There are many known universal approximations. Deep networks are one. SVMs are one. Heck, cubic splines are one, and they've been in use for nearly a hundred years IIRC.
The problem has never been one of finding a sufficiently powerful approximator. It has been training that approximator. My understanding of the significant advancement made by deep learning is that we finally figured out how to train a specific kind of universal approximator in a way such that it finds very good separation surfaces for what used to be impossible-to-solve classification problems.
But it should be no surprise to anyone that there exist, in theory, other universal approximations that approximately reproduce the same separation surfaces, should it? I'd expect any universal approximator to be powerful enough to reproduce the separation surfaces, hence the meaning of the word "universal". The problem was always finding the right weights, not finding the right approximator architecture.
Am I missing something?
The point of the paper is that if you train a deep learning model with gradient descent then the resulting model is effectively a kernel machine, regardless of model architecture.
The nice thing about a kernel machine is that it is simple (just one hidden layer) and we are able to use to analyze a kernel machine more effectively and conveniently.
So, I think the contribution here isn't "these sets of universal aproximators are equivalent" but rather "We have this effective but opauge deep learning thing, turns it it's actual a kernel machine in retropsect so we can bring 'kernel tooling' to analyze the deep learning mode"
This may have colossal practical implications, as long as the approximation stays good enough.
Kernels have been studied thoroughly from a theoretical perspective and people have proven things about them.

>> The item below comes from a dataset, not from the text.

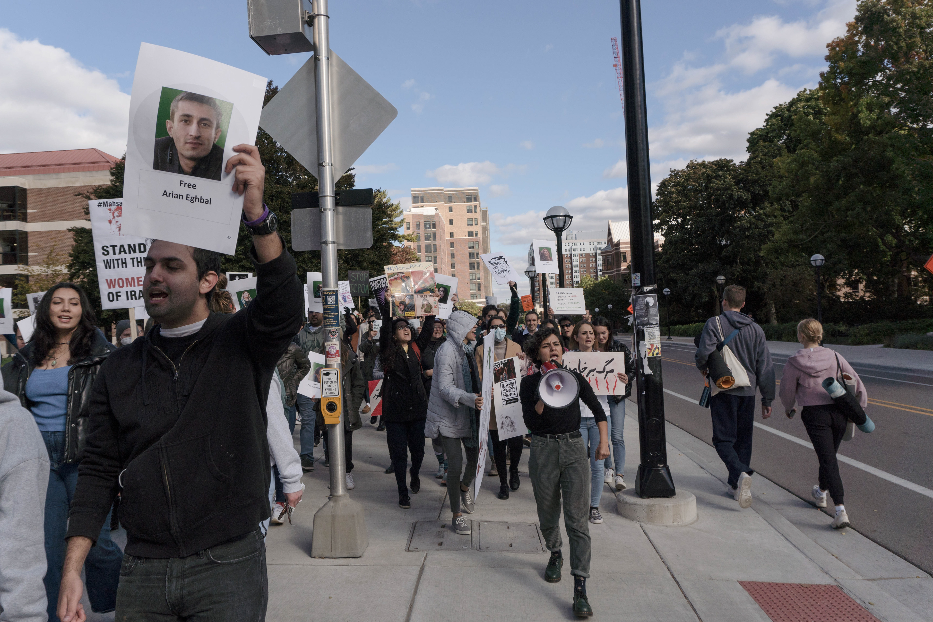 Samin Aayanifard (28), a graduate student at Michigan State University, leads the chant when the protesters march down the University Avenue in Ann Arbor, Michigan, on October 8, 2022. The protest in solidarity with Iranian women was organized by the Iranian student associations at Michigan State University and University of Michigan.

The goal of papers such as these is to find ways in which deep neural networks and kernel methods are similar, so that theoretical results and tools found for kernel methods may be adapted to deep neural networks.
You should be careful with the meaning you ascribe to the word 'universal'. The list of universal approximators is massive, and the sub-list of universal approximators that can be trained with OLS is still substantial. Still these models can differ significantly:
- How efficient are they (in #parameters required for a certain error) for specific tasks? There is a known 'maximum efficiency' for general tasks, but in high dimensions this efficiency is terrible, such that many models will fail terribly on high-dimensional data. Hence, you should pick a model that is exceptionally good for a specific task, although it might be less efficient for other tasks.

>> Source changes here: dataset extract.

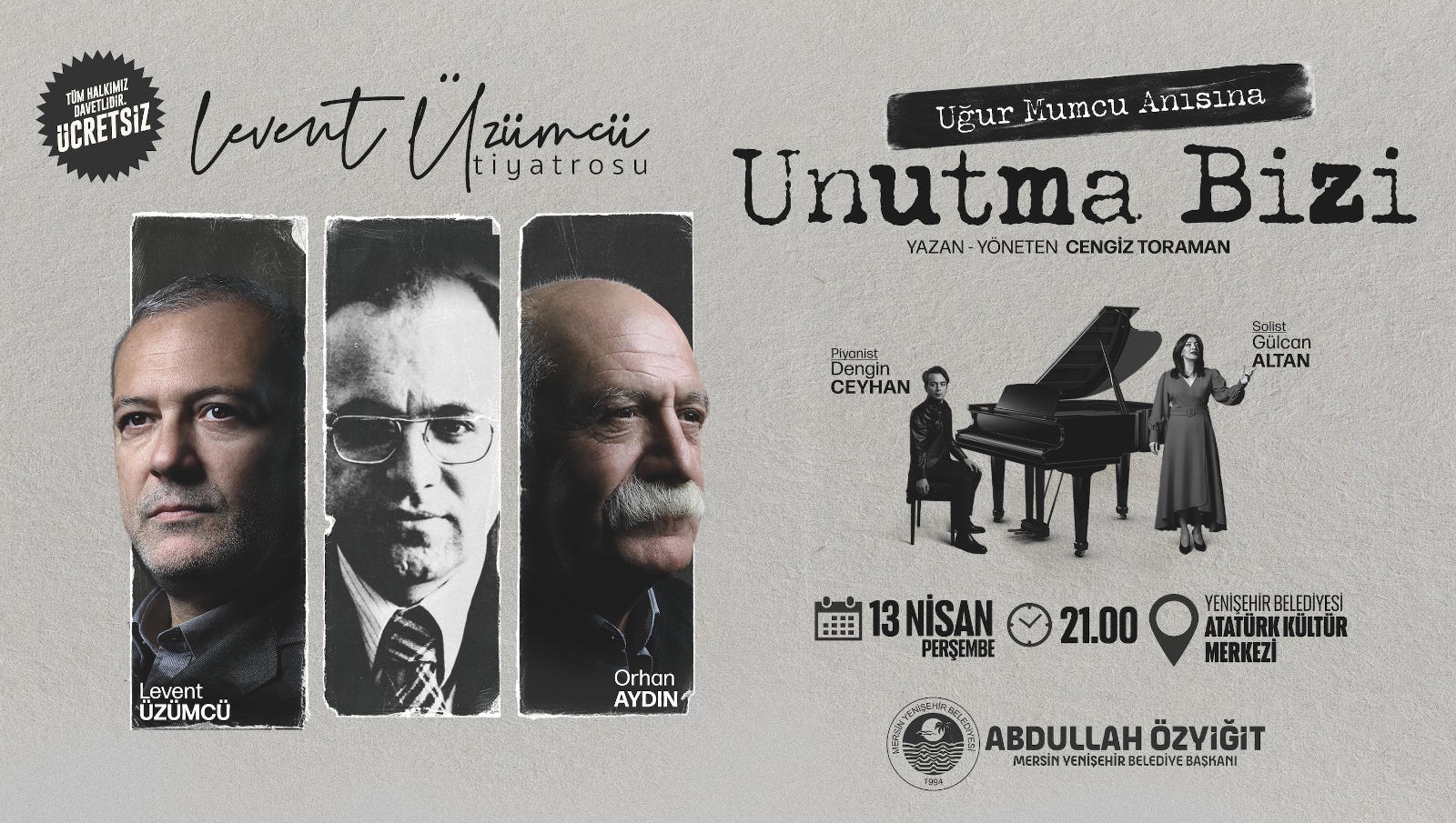 Mersin Yenişehir Belediyesi, Cengiz Toraman tarafından yazıp yönetilen, Levent Üzümcü Tiyatrosu tarafından sahnelenen “Unutma Bizi” oyununu Mersinli sanatseverlerle buluşturacak. Oyun, 13 Nisan Perşembe günü saat 21.00’de Yenişehir Belediyesi Atatürk Kültür Merkezi’nde ücretsiz sahnelenecek. Orhan Aydın ve Levent Üzümcü oyunda Uğur Mumcu’nun hayatını anlatacak. Tiyatroda piyanist Dengin Ceyhan ve solist Gülcan Altan da sahne alacak.

- How well can the model cope with noise? If your dependent variable is severely distorted (think financial data) then you need a model that can balance between interpolating datapoints and averaging out the noise.
Just to name my two favorite properties. The first one is _kind of_ related to learnability, since an inefficient model is often pretty much impossible to learn.
Similar to showing a problem falls in NP, you can reduce the problem down to another problem in NP and be done with it.
There's a number of problems with svms; complexity for training and inference scales with the amount of training data, which is pretty sad panda for complex problems.
Extremely spicy/cynical take: it's not cool to say "you all should go look at all these possible applications" when the thrust is the paper is to prop up the relevance of an obsolete approach. You gotta do the actual work to close the gap if you still want your PhD to be worth something...
That said, I haven't read the paper terribly closely, and am always happy to be proven wrong!
Is this true though, or does network architecture only matter in terms of efficiency? This is non rhetorical, I really don't know much about deep learning. :) I guess i'm asking if with enough data and compute, is architecture still relevant?
What are the leading theories for why this seems to be the case? Less nodes to capture and direct decisions?
Also it is representation of approximator itself and data compression. For cubic splines to approximate some NN you likely would need enormous number of intervals covering input space.
A kernel SVM always finds (one-of) the global best fit lines in the kernel space.
A gradient descent model explicitly converges to one of the nearest local minimas by definition.
Does this paper conclude that the local minimas that neural networks converge to are one of the many equivalent global maxima ? Won't this be a major revelation by itself ?
Example:https://towardsdatascience.com/support-vector-machine-simply...
I'd assume that a lot of the binary decision tree / chip level optimizations are similar: almost no slope worth analyzing.
The "SVM step" would still find a global optima within the kernel space, but the qualifications of the previous step mean that the kernel space generated might be useless.
I didn't have time to read the paper, but reading the abstract I don't see a claim that the gradient descent model approximated by a kernel machine is equivalent to an optimal fit obtained by SVM maximum margin hyperplane fitting.
I assume one likely ends up with different hyperplane fits from converting a NN/gradient-desc-learned model to kernel machine vs learning a kernel machine directly via SVM learning.
It also only applies to the continuous limit of non-stochastic GD, far from the real training methods used.
We don't gain any understanding either; understanding implies predictive power about some new situation, and I don't see any- and nor does the paper suggest them.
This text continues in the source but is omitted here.